Gotejamento na irrigação e polinização por diferentes espécies de abelhas melhora a qualidade do morango
A presença de uma diversidade de abelhas nas flores do morangueiro melhora a produtividade, a qualidade e até aumenta a durabilidade da fruta. Estudos demonstram que morangos polinizados por diferentes espécies desses insetos são mais pesados, apresentam menos deformações, coloração vermelha mais intensa e atingem grades de classificação comercial mais elevadas. Eles também são mais firmes e apresentam maior tempo de prateleira.
Ao reunir essas informações geradas no Brasil e no mundo, a pesquisadora Katia Braga, da Embrapa Meio Ambiente (SP), elaborou um comunicado técnico para explicar a produtores e técnicos agrícolas a importância desses polinizadores e como mantê-los na lavoura. Para favorecer a abundância e a diversidade de abelhas na cultura, ao longo da florada, a cientista recomenda cultivar o morangueiro próximo à vegetação natural, restaurar e diversificar áreas de florestas próximas, além de realizar a limpeza das plantas, tornando suas flores mais visíveis e acessíveis aos polinizadores.
“Para a irrigação da lavoura, deve-se adotar um método que não interfira na atratividade da florada, como o gotejamento, já que a aspersão remove o néctar e o pólen, que são recursos coletados pelas abelhas. Se [a irrigação] for mesmo necessária, deverá ser feita somente após as 14 horas, quando o número de abelhas nas flores começa a diminuir”, recomenda a pesquisadora. Para o controle fitossanitário, a cientista aconselha empregar o manejo integrado de pragas (MIP) e o controle biológico, pois o controle químico pode matar as abelhas, caso dos inseticidas, afetar sua capacidade de voo, enfraquece seu sistema imunológico e, ainda, pode repelir esses insetos.
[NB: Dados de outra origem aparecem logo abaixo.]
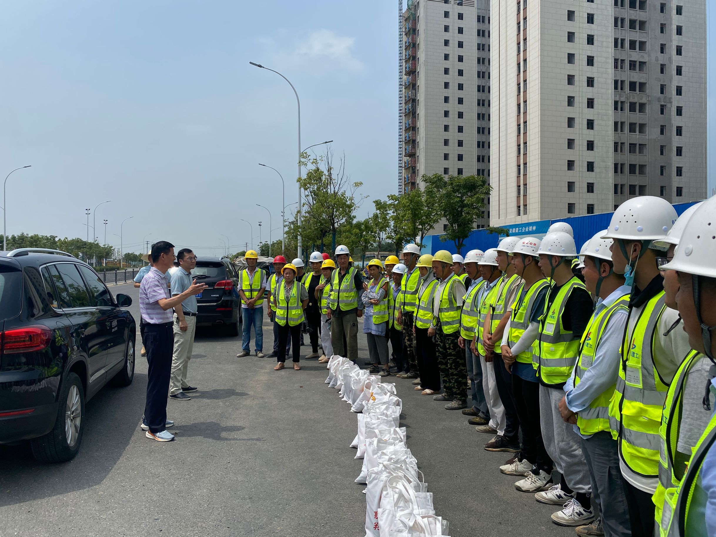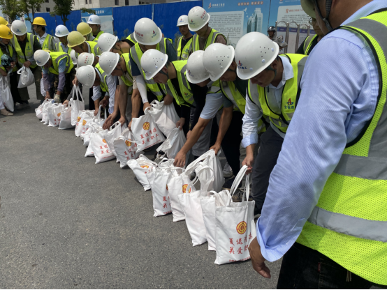 近日天氣持續(xù)高溫,7月19日上午,合巢產(chǎn)業(yè)新城指揮部辦公室副主任、黨支部書記張維鑄,建發(fā)局副局長肖勇一行人代表安徽巢湖經(jīng)濟(jì)開發(fā)區(qū)總工會(huì)帶著毛巾、花露水等消暑降溫慰問品來到合巢產(chǎn)業(yè)新城郭塘新村、映湖公租房項(xiàng)目施工一、二標(biāo)段,看望、慰問奮戰(zhàn)在一線的建設(shè)者。一行人向施工單位表示感謝;其次,要求在抓工程進(jìn)度時(shí),一定要高度重視施工安全,叮囑建筑工人在施工中注意防暑避暑。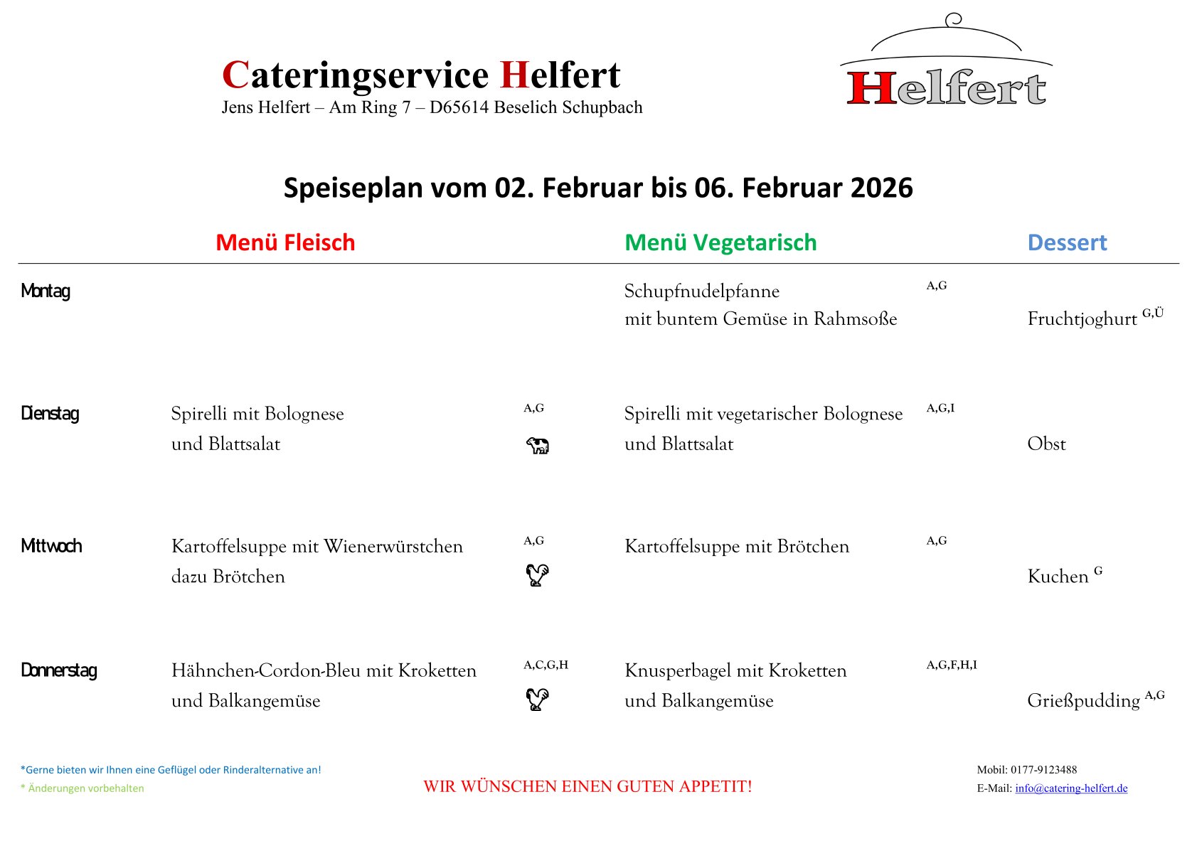 Speiseplan vom 02. Februar bis 06. Februar 2026

Braga pesquisou, durante seu doutorado, o efeito de várias espécies de abelhas na cultura do morango. Entre as conclusões da pesquisa, a cientista percebeu que algumas espécies tiveram efeitos complementares nas cultivares analisadas. “Cada uma distribuiu o pólen em diferentes regiões do receptáculo floral (miolo da flor), completando a polinização uma da outra; essa complementação é importante, pois o peso do morango é proporcional ao número de pistilos (estruturas femininas) em que ocorreu a fecundação, processo que depende da polinização”, detalha a pesquisadora. Ela explica que nas regiões não fecundadas ocorre uma deformação, formada de uma a várias cavidades ou depressões no fruto. E quanto maior a flor, maior será a dependência da polinização por abelhas. Por isso, são os morangos grandes que apresentam deformações com maior frequência.